- [Data extract]
Content starts

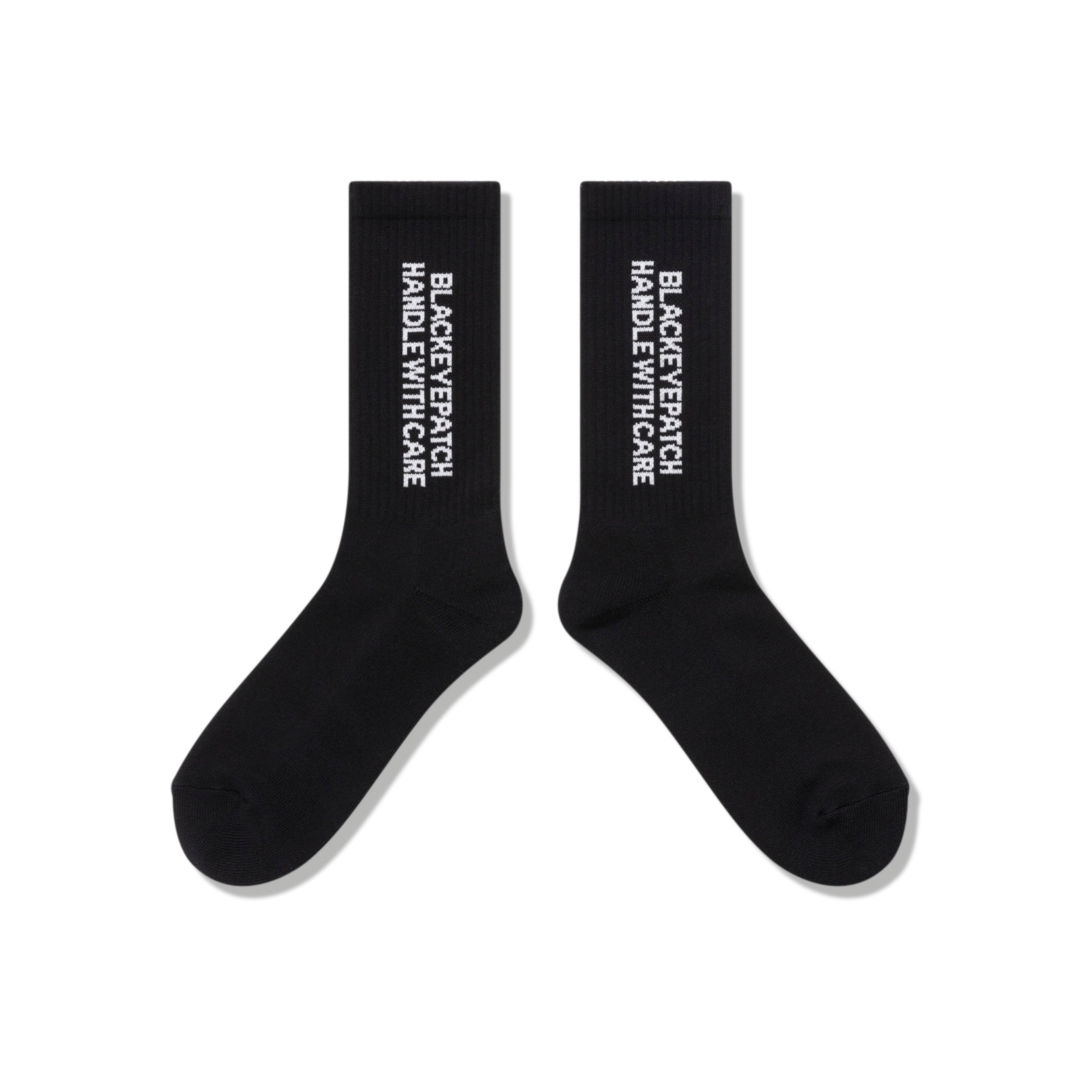 Socks featuring the standard “Handle With Care” graphic woven into them.
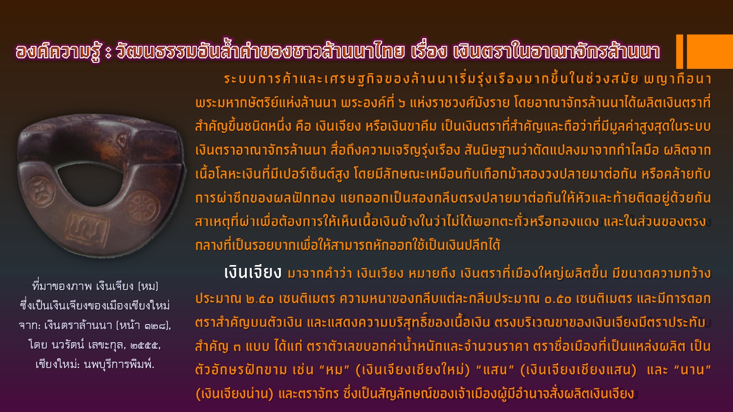 พิพิธภัณฑ์ธนารักษ์ จังหวัดเชียงใหม่. [ออนไลน์]. สืบค้นเมื่อ ๑๖ กันยายน ๒๕๖๘, จาก: https://emuseum-chiangmai.treasury.go.th/%20about-us
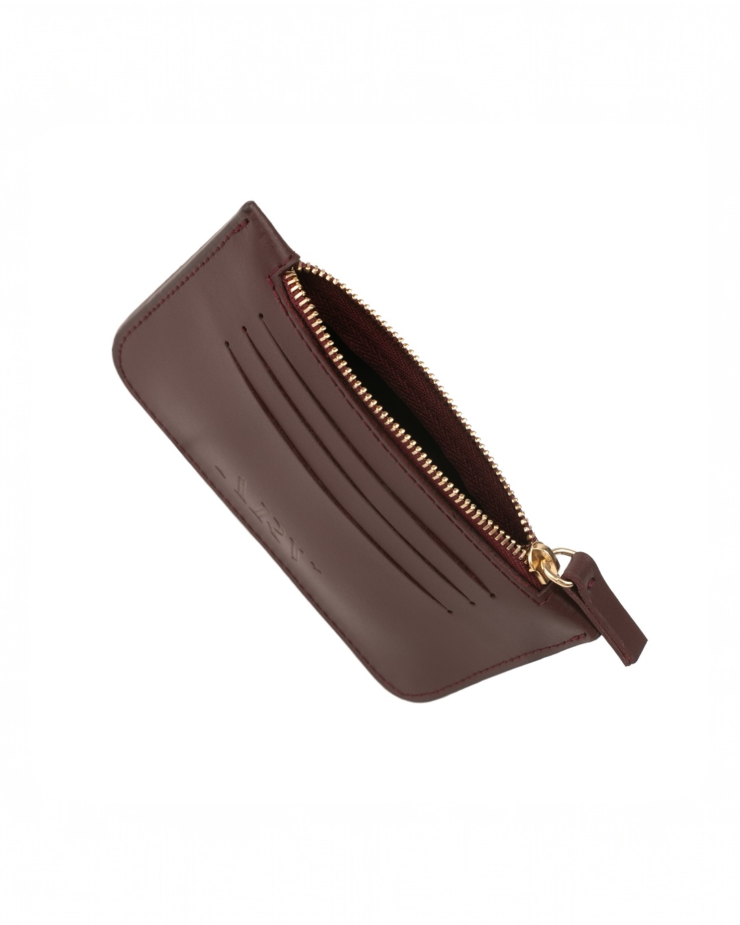 Kortholderen er laget av italiensk skinn med matt svart fôr på innsiden.
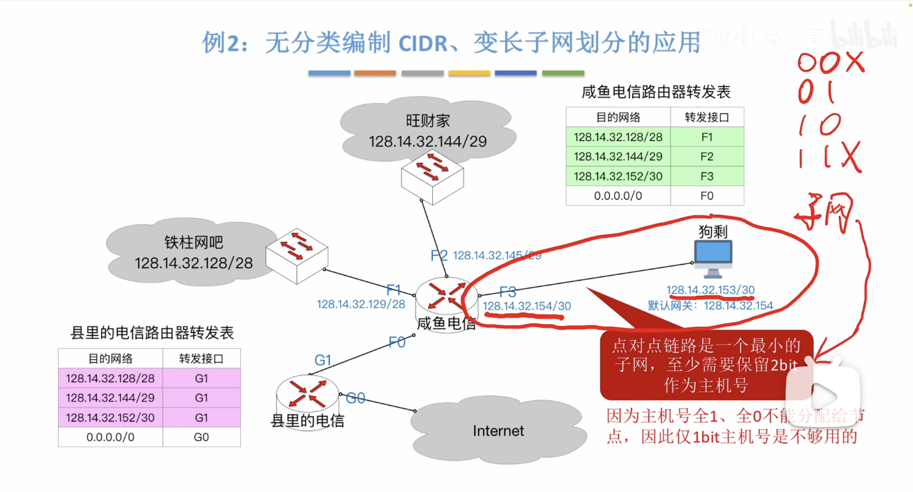 我们看这个图,狗剩只有一台主机,想要点对点连接到路由器,但是因为路由器的接口需要一个IP地址,我们不得不给它分配四个IP地址,原因如图

Content ends

- [Task brief] Could you retype exactly, and only, the lines running from the one with "พิพิธภัณฑ์ธนารักษ์ จังหวัดเชียงใหม่. [ออนไลน์]." to the last line of the listing, while leaving any pictures out?

- [Solution below]
 พิพิธภัณฑ์ธนารักษ์ จังหวัดเชียงใหม่. [ออนไลน์]. สืบค้นเมื่อ ๑๖ กันยายน ๒๕๖๘, จาก: https://emuseum-chiangmai.treasury.go.th/%20about-us
 Kortholderen er laget av italiensk skinn med matt svart fôr på innsiden.
 我们看这个图,狗剩只有一台主机,想要点对点连接到路由器,但是因为路由器的接口需要一个IP地址,我们不得不给它分配四个IP地址,原因如图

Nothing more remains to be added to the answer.